Corresponding author: Lauren C. Harshman, MD, Lank Center for Genitourinary Oncology, Dana-Farber Cancer Institute, Boston, MA 02215, Tel: 617-632-4524, Fax: 617-632-2165, E-mail: laurenc_harshman@dfci.harvard.edu
Abstract: Non–clear cell renal cell carcinomas (RCCs) represent up to 20% of all RCCs. Despite often being clustered as a single entity, these tumors represent a heterogeneous group of diseases with distinct molecular drivers, histologies, and clinical outcomes. Their low incidence and heterogeneity have resulted in a lack of studies that address the optimal strategies for each subtype. This article (the first in a 2-part series) reviews the histology of RCC, whereas the second article reviews current targeted therapies approved for RCC, such as the vascular endothelial growth factor receptor tyrosine kinase inhibitors and the mammalian target of rapamycin inhibitors. Ongoing studies will provide more information regarding the role of these agents in non–clear cell RCC.
Introduction
Renal cell carcinoma (RCC) is the most common malignancy of the kidney, accounting for approximately 85% of cases.1,2 The 2004 World Health Organization (WHO) classification identifies various subtypes of RCC, including clear cell (>75%), papillary (~15%), chromophobe (5%), collecting duct (1%), medullary (<1%), postneuroblastoma (<1%), mucinous tubular and spindle cell (~2%), Xp11.2 translocation (~2%), and unclassified (5%-10%). Additional histologic subtypes not currently included in the 2004 WHO classification include: tubulocystic carcinoma, clear cell tubulopapillary carcinoma (also referred to as clear cell papillary RCC), RCC associated with end-stage renal disease (acquired cystic disease–associated RCC), thyroid-like follicular RCC, -succinate–dehydrogenase deficient RCC, and tumors associated with the familial syndrome of hereditary leiomyomatosis and renal cell carcinoma (HLRCC).1,3 Despite their quite variable pathogenetic mechanisms, histologic appearances, clinical courses, and outcomes, these different RCC subtypes are often collectively identified in current clinical practice as one group, so-called “non–clear cell RCC.” This generic grouping springs from low case numbers and the lack of effective treatment options for these histologic variants compared with the more prevalent clear cell subtype.

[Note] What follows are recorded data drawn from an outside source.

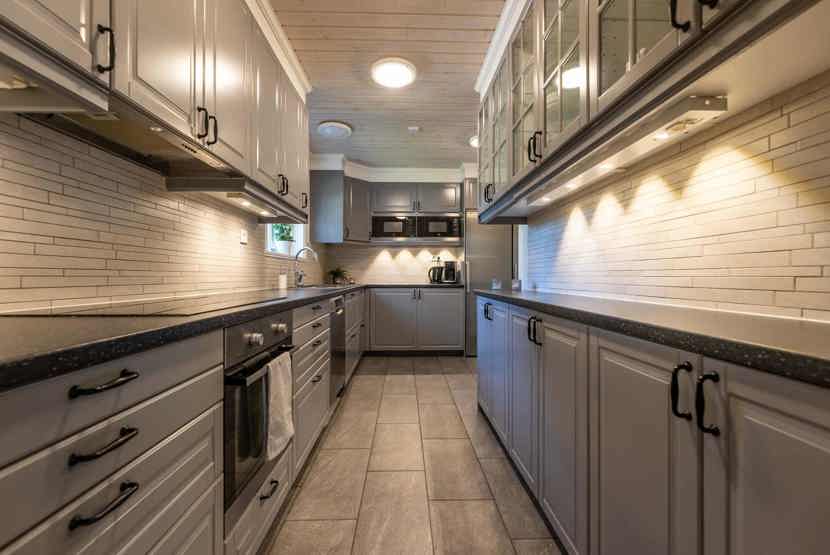 Køkkenet indeholder: keramiske kogeplader med ovn, microovn, opvaskemaskine, køleskab, frys.
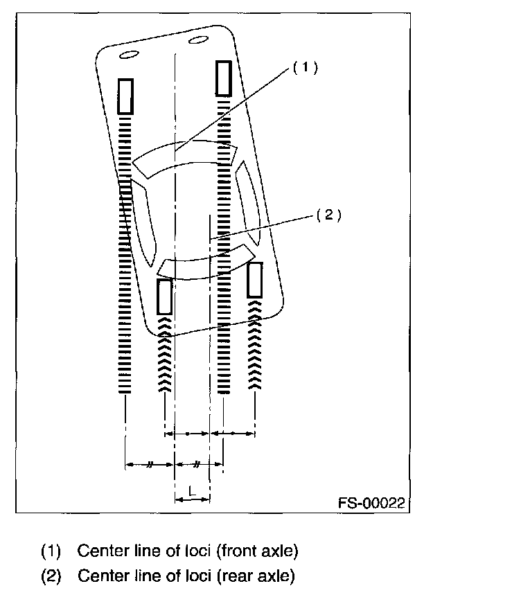 2. When one rear wheel is adjusted in a toe-in direction, adjust the other rear wheel equally in toe-out direction, in order to make thrust angle adjustment.
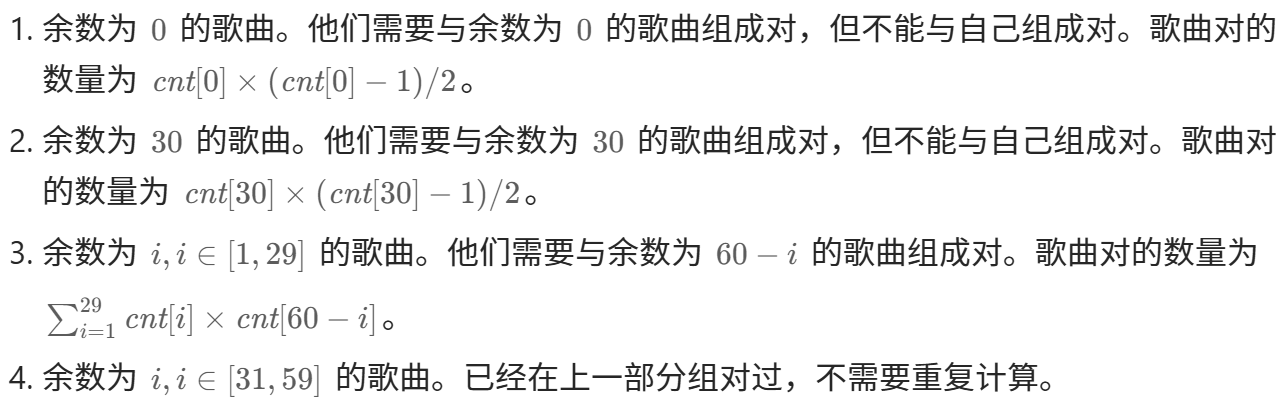 每首歌曲对结果的影响因素是它的持续时间除以 60 后的余数。可以用一个长度为 60 的数组 cnt,用来表示余数出现的次数。然后分情况统计歌曲对:
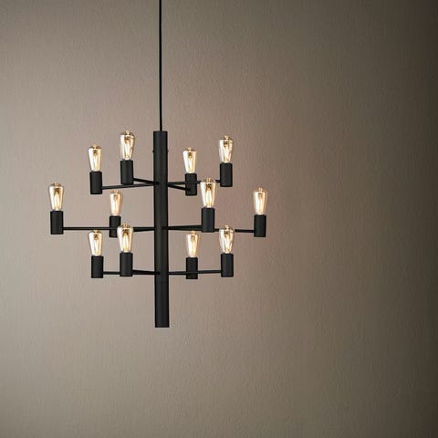 Manola 12 ljuskrona från Herstal med en elegant formgivning med en ram i metall, tolv armar och medföljande LED-ljuskällor.

This article, which is the first in a 2-part series, reviews the -histologic, genetic, and clinical differences among non–clear cell RCC subtypes (see the figure and the table). The second article reviews the current approach to the treatment of these tumors.
Classification
Papillary RCC
Papillary RCC is the second most common subtype of RCC and makes up approximately 10% to 15% of cases.1,2 Papillary architecture constitutes the great majority of these tumors; however, tubular and solid growth patterns can be seen. The tumor papillae contain a delicate fibrovascular core, which can be accompanied by edema or hyalinized connective tissue.2
Papillary carcinomas are often subdivided into 2 subtypes based upon histologic criteria and distinctive gene expression profiles (see below). Type 1 tumors tend to be low-grade and have a better prognosis, whereas type 2 lesions are generally high-grade and impart a poorer prognosis.4,5 Distinguishing between these 2 so-called histologic types can be difficult because some tumors contain a mixture of both morphologic patterns.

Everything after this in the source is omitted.